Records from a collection

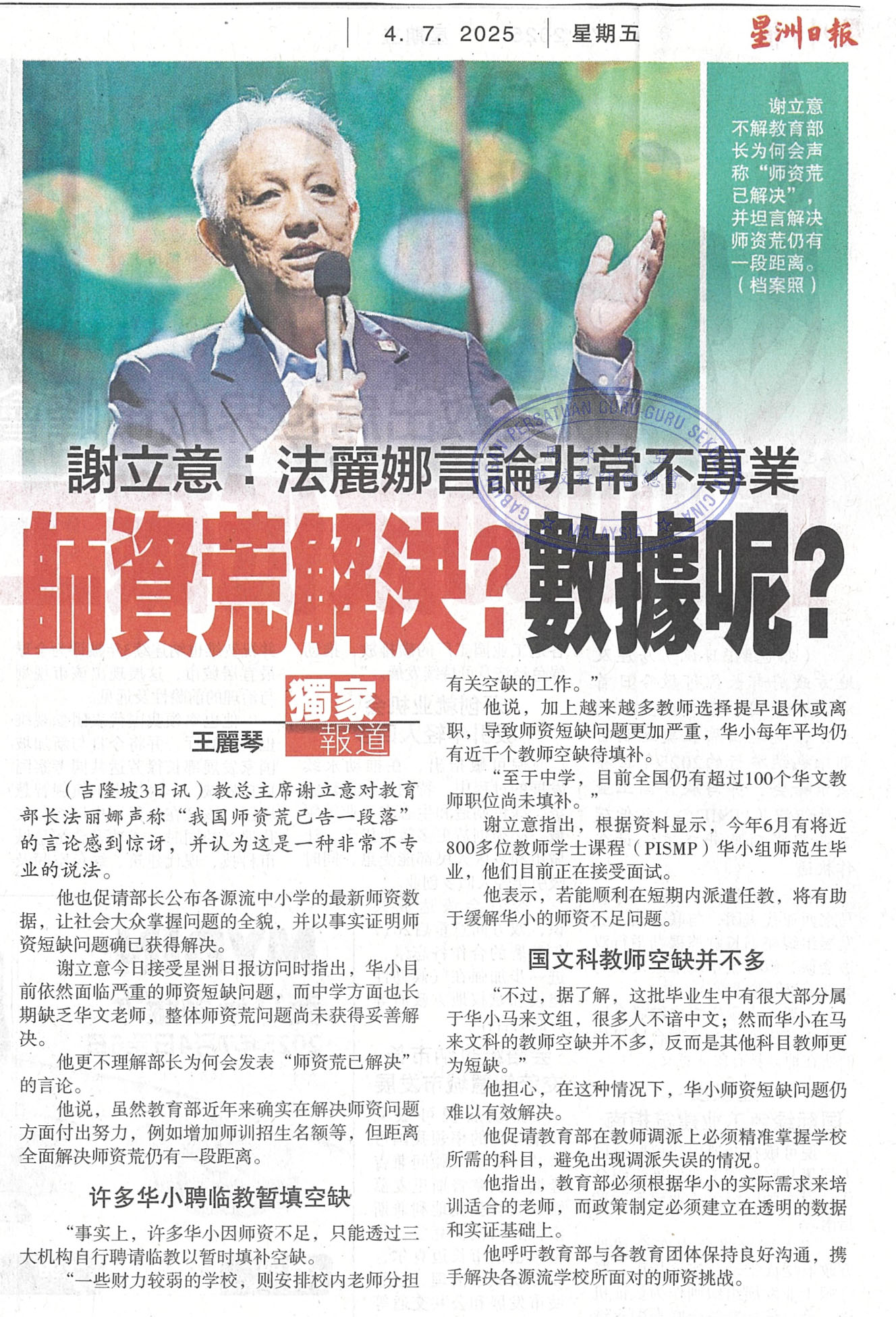 谢立意:法丽娜言论非常不专业,师资荒解决?数据呢? WhatsApp 上一篇文章: 教长:教育史上重大突破“师资荒告一段落” 上一页 下一篇文章: 益民学前班只欠东风 未获批文董事认领孩童就读私幼 下一页
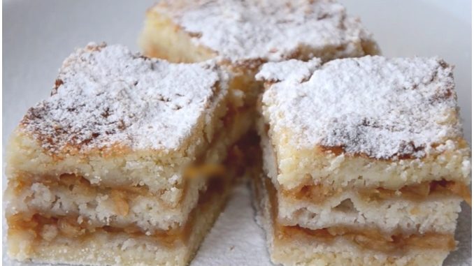 Na lim za pečenje cca 20×30 stavite papir za pečenje. Suhu smjesu podjelite na 3 djela, a jabuke na 2 djela
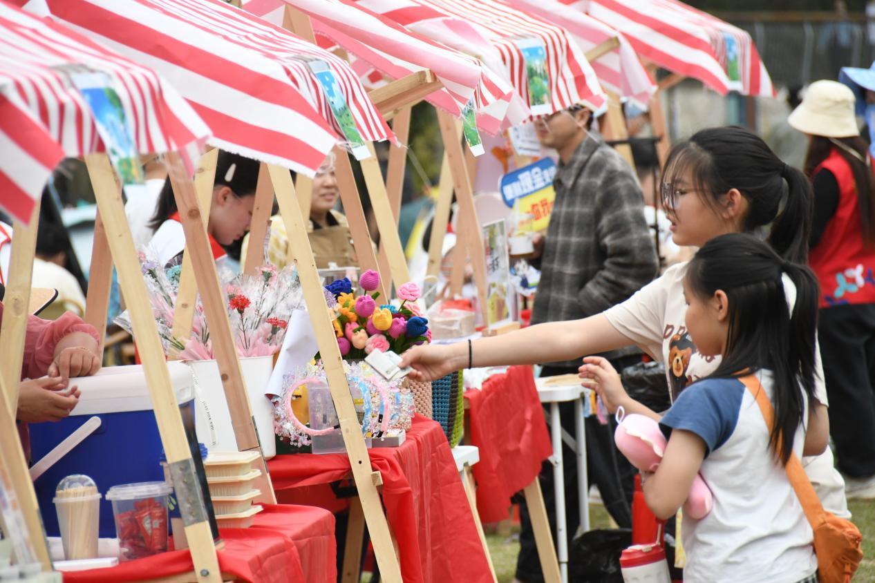此外,文化体验区中,居民们纷纷试穿客家服饰、手绘非遗漆扇,尽情感受传统文化的独特魅力;露营区开展的“户外小课堂”普及露营知识与环保理念,使亲子家庭在实践中强化了生态意识;表演区变身“开放式剧场”,居民积极自发献唱,一幅邻里和谐共融的美好画卷徐徐展开;“志愿1小时”服务区作为“红色驿站”,吸引了众多居民与游客参与文明引导、商户协助等轻量级志愿活动,有效促进了社区治理的参与度。
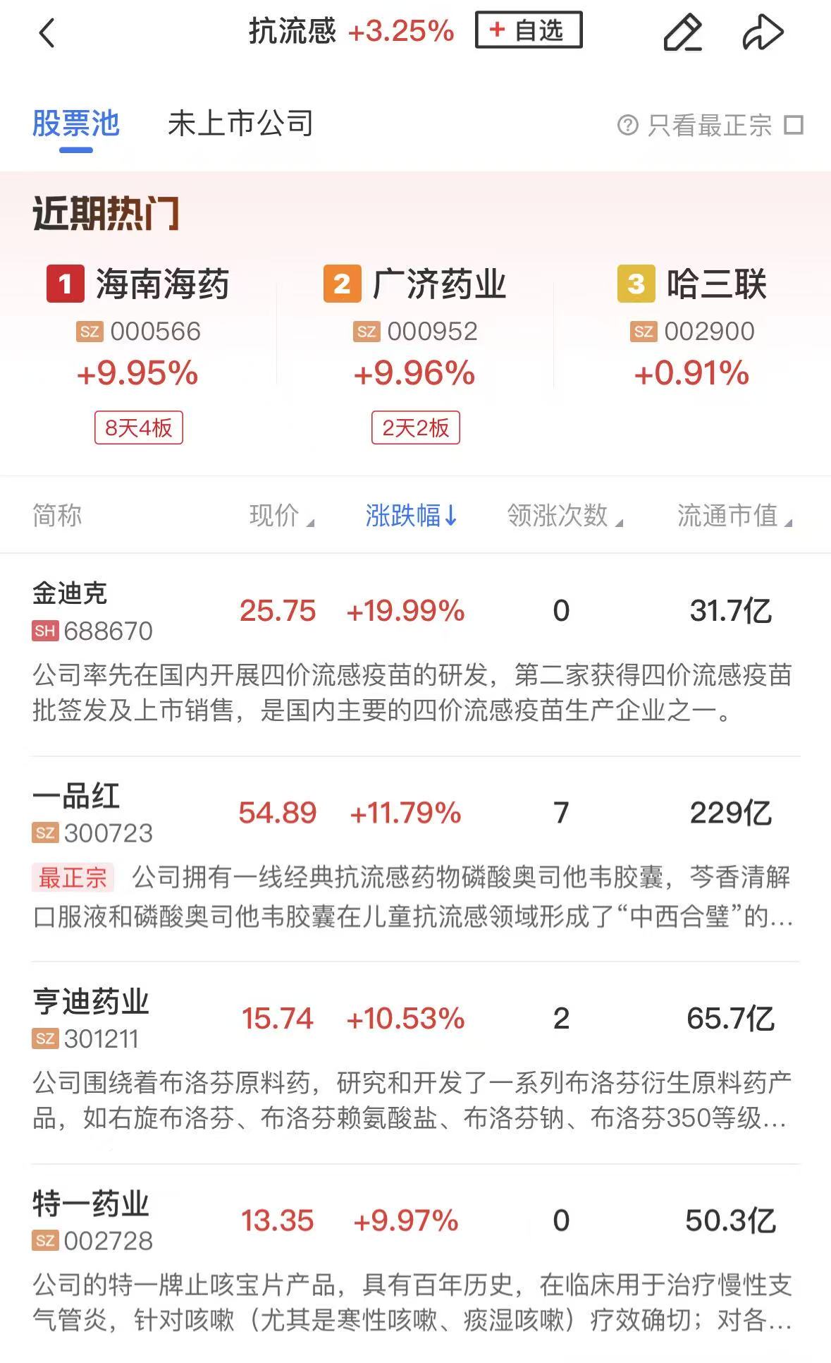 抗流感概念表现活跃,广济药业2连板,金迪克、特一药业、北大医药、海南海药涨停,一品红、华兰疫苗、金石亚药、众生药业等个股涨幅居前。
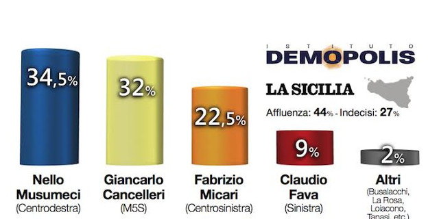 Sondaggio Demopolis sulle regionali: Musumeci in testa, astensionismo sale

- **EXERCISE DESCRIPTION**:
When the line containing "抗流感概念表现活跃,广济药业" has been located, retype it and each line after it through the end of the records, excluding the pictures and adding nothing else.

- **ANSWER TO THIS TASK**:
 抗流感概念表现活跃,广济药业2连板,金迪克、特一药业、北大医药、海南海药涨停,一品红、华兰疫苗、金石亚药、众生药业等个股涨幅居前。
 Sondaggio Demopolis sulle regionali: Musumeci in testa, astensionismo sale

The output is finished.